You Jokes

Emo

So, I went up to an emo and I said, "Why did you steal my bar code from my chips?"

Rick Astley

What don't Rick Astley and the Twin Towers have in common?

One won't let you down, while the other will.

Knight

As ruler of a kingdom, I wanted a knight. Duke Leo Pessi IV offered himself but wanted a wife in return. I offered my beautiful daughter to him. However, he slapped her and proceeded to wreck my castle. All this whilst crying β€œI don’t want princess, I want farmer!”

DAMN YOU PESSI!

Employee

You know the Twin Towers employees were supposed to meet a good football team.
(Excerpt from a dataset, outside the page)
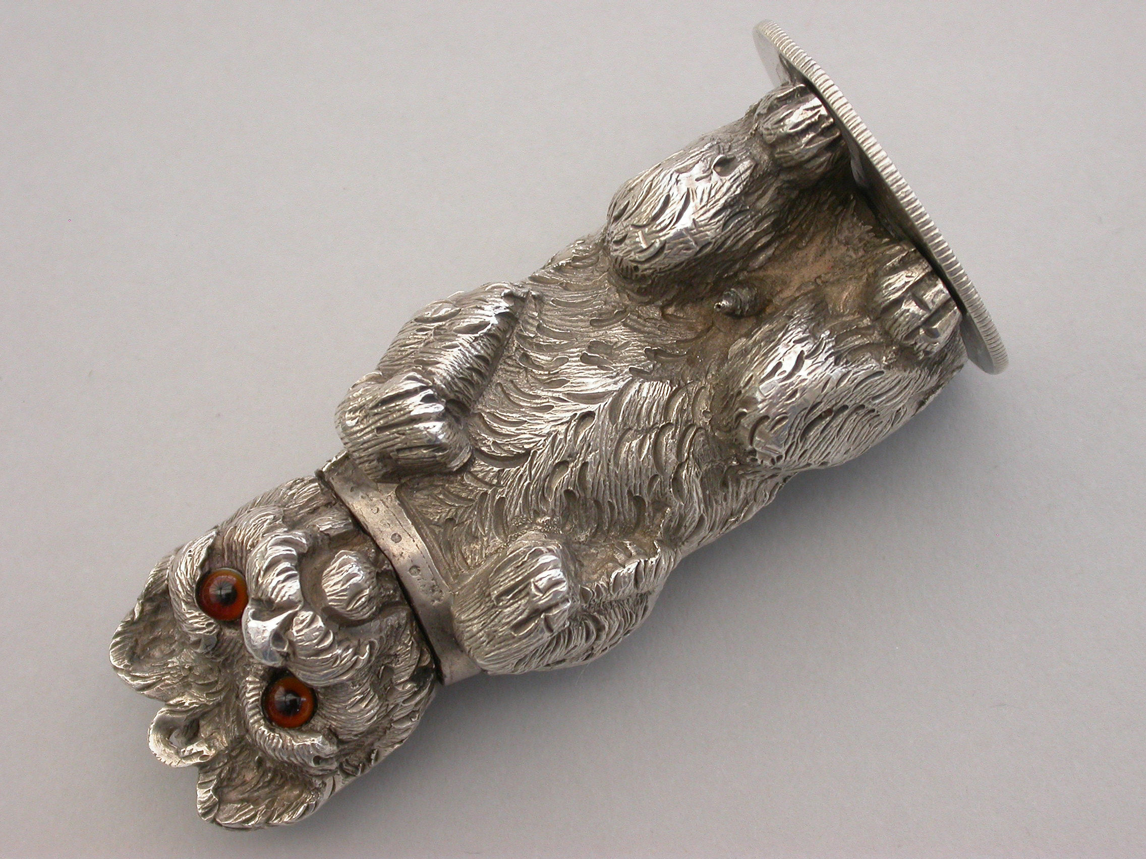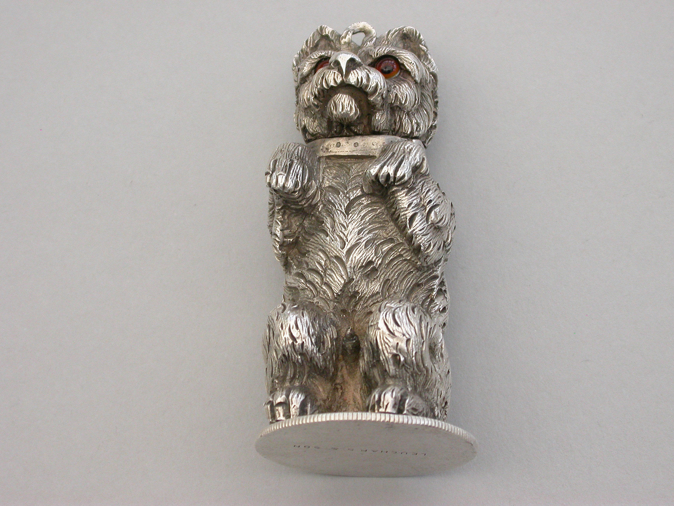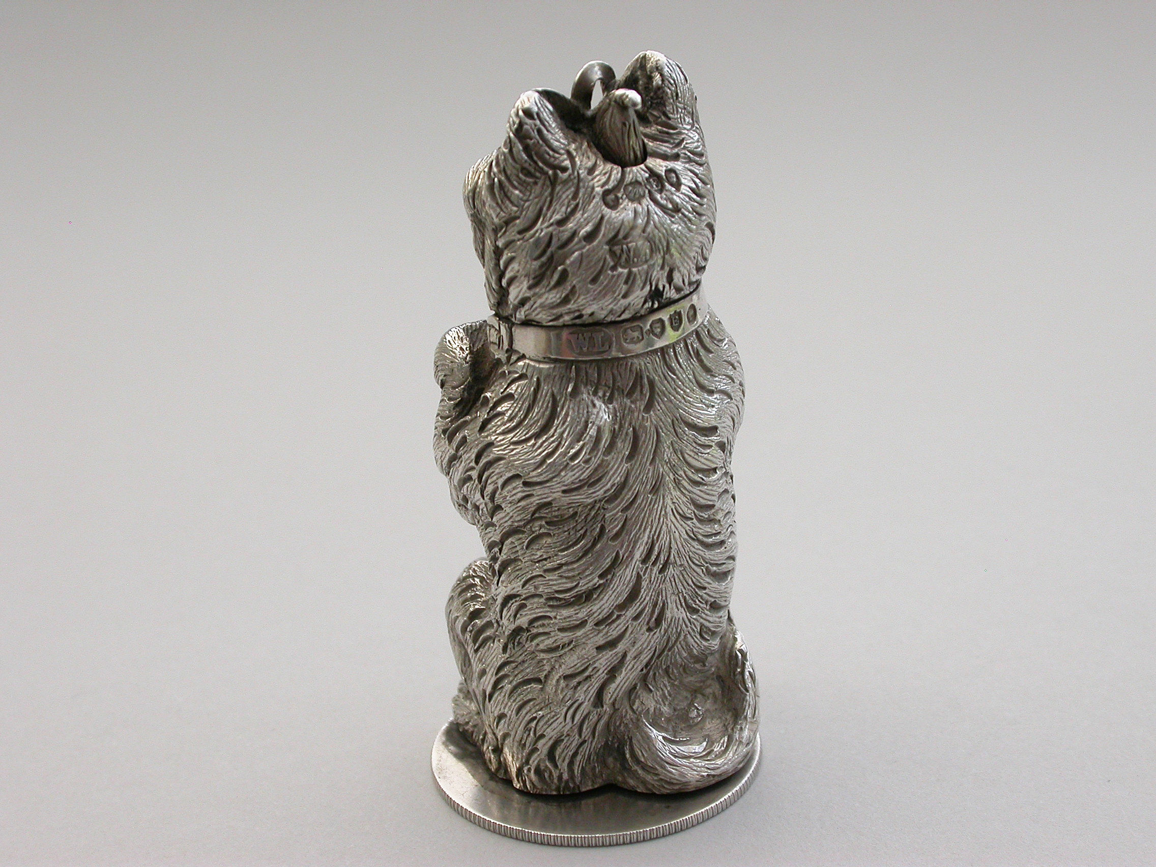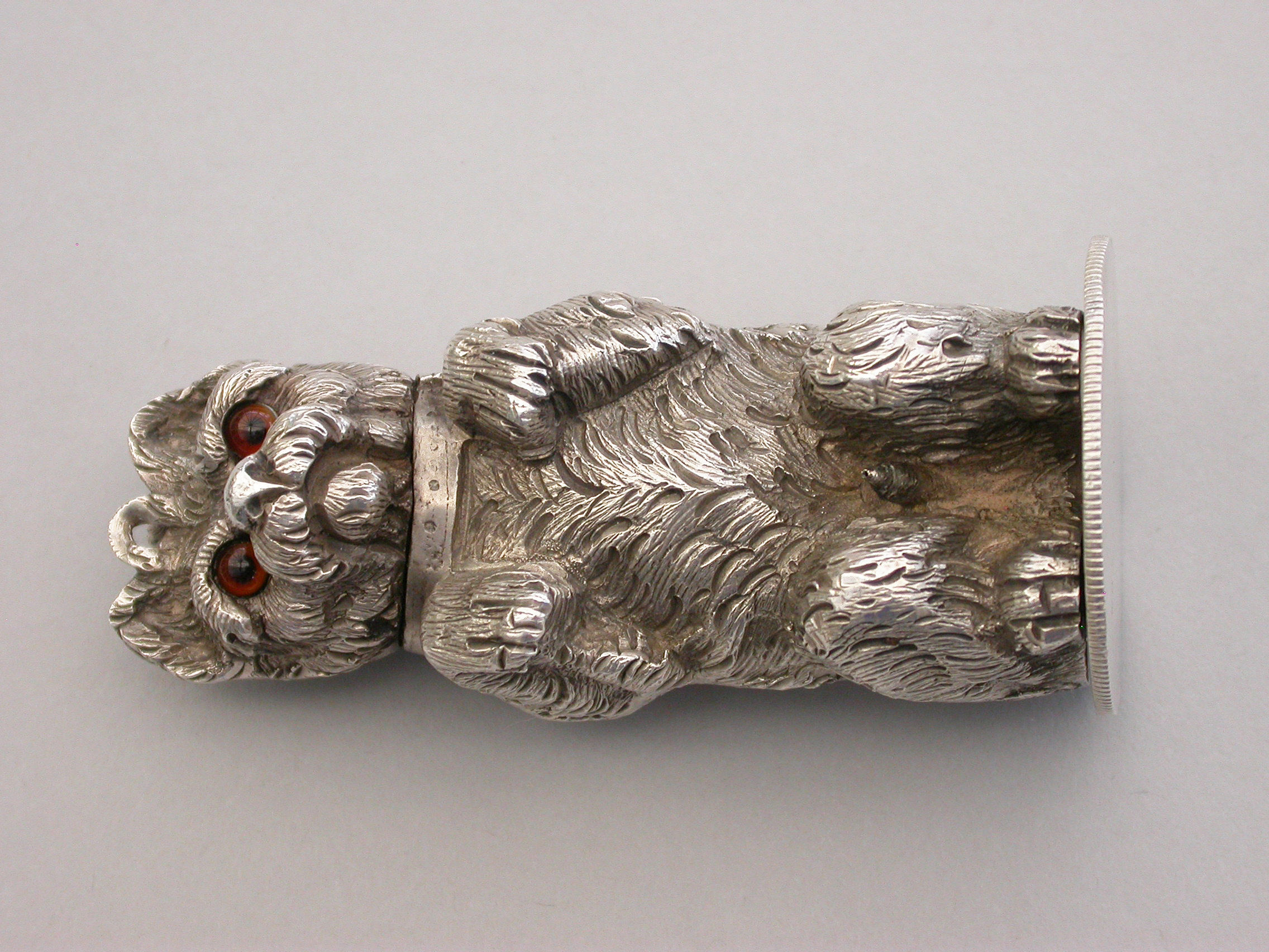 An extremely rare Victorian cast silver novelty Scent Atomiser made in the form of an excited terrier, sitting up on his haunches in an appealing begging pose, with coloured glass eyes, a circular screw-off base and a button at the back of his head which, when depressed repeatedly, sprays scent, most imaginatively through the act of micturation (or peeing).

Instead, they just met the Jets.

Nemo

What did Nemo say to the emo?

"Be careful, you can't Nemo your way out of emo."

Fish

There were 3 Gay Fish in a Tank. One says to the others: "How do you drive this thing?"

Like this joke if you LOLed! 🀣🀣🀣🀣🀣🀣🀣🀣🀣🀣🀣🀣🀣🀣🀣🀣

Doctor

My willy was feeling itchy, so I decided to go to the doctor.

My doctor was foreign and spoke Spanish with an Argentinian accent. As I returned home, I noticed my willy was gone! Pessi stole my PENis thinking it was a Penalty just so he could statpad. SHAME ON YOU!

Accident

You must have been born on a highway because that's where most accidents happen.

Penis

Do you know what organ remains warm even after a woman dies?

My penis (or rather my neutron laser priming its firing sequence).

Night

Isn't having depersonalization mean that you like the animatronics off of FNAF/Five Nights at Freddy's?